Discover Summer Fair
Tags: motivatePersonhours: 16
Task: Teach kids how to program and 3D-model at the Discover Summer Fair
This Saturday was the Discover Summer Fair organized by the Dallas City of Learning. This was our very first Mobile Tech Xperience (MXP) event to kick off the start of our outreach efforts for the Skystone season. For background, the MXP is a robotics classroom on wheels that our robotics team uses to take to underserved areas around the Dallas region to teach the students we meet there about STEM and robotics. The vehicle is an old 90's RV that our team renovated around 3 summers ago and since then, the vehicle has been maintained by Big Thought, an educational non-profit organization who operates a program called Dallas City of Learning - the vendor for several of our outreach events.

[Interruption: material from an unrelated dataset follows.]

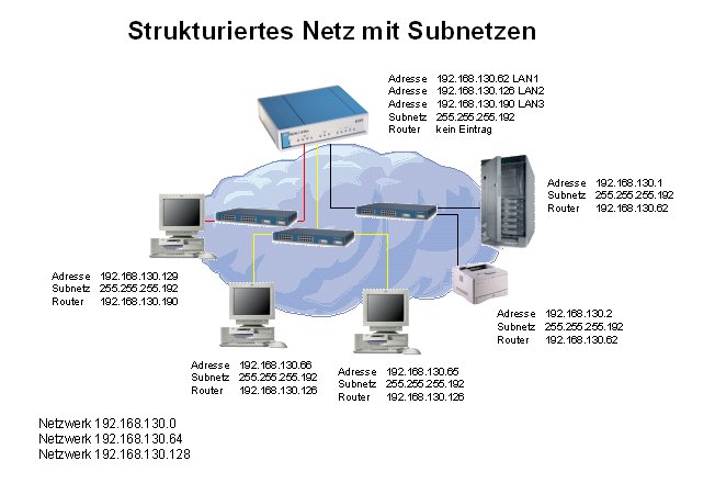Ein strukturiertes Netz mit Subnetzen wird ein IP-Netz bezeichnet, das einen Router benötigt,

During today's event, we had a large turnout of about 500 participants for both the 3D printing station and the sumo robots programming challenge. The purpose of this event was for our team to introduce robotics-based activities like programming FLL robots and 3D-modelling keychains to students in the greater Dallas area who would have otherwise had no access to such activities.
We started out by setting up the MXP and the EV3 LEGO Mindstorm robots. After ensuring that the MXP was stocked up with laptops and 3D printers, we set up sumo mats, laptops, and LEGO Mindstorms robots in tables outside the vehicle. We wanted to kick-off the first outreach event of the season by demoing our competition robot from the world championship, Icarus, so we had to make sure that Icarus was able to both balance and drive around.
Between the four of us, there were so many participants that we had made the decision to teach them as a group to maximize efficiency. Making every step of the teaching process - whether it's block-programming a robot or modelling a keychain - as interactive and engaging as possible allowed us to easily communicate with large groups of participants.
Next Steps
Our station could not have run as smoothly as it did without the help of Big Thought for helping us staff and maintain the MXP, and for allowing us to introduce FIRST to so many young participants by giving us a booth at the fair. 3D-modelling and programming are, at the end of day, two important concepts encompassed within FIRST. Watching students who had little to no experience with robotics marvel at their keychain designs and their robots coming to life allowed us to see firsthand the impact we were hoping to make with our MXP events - to teach kids of all ages and all backgrounds that robotics was for everyone.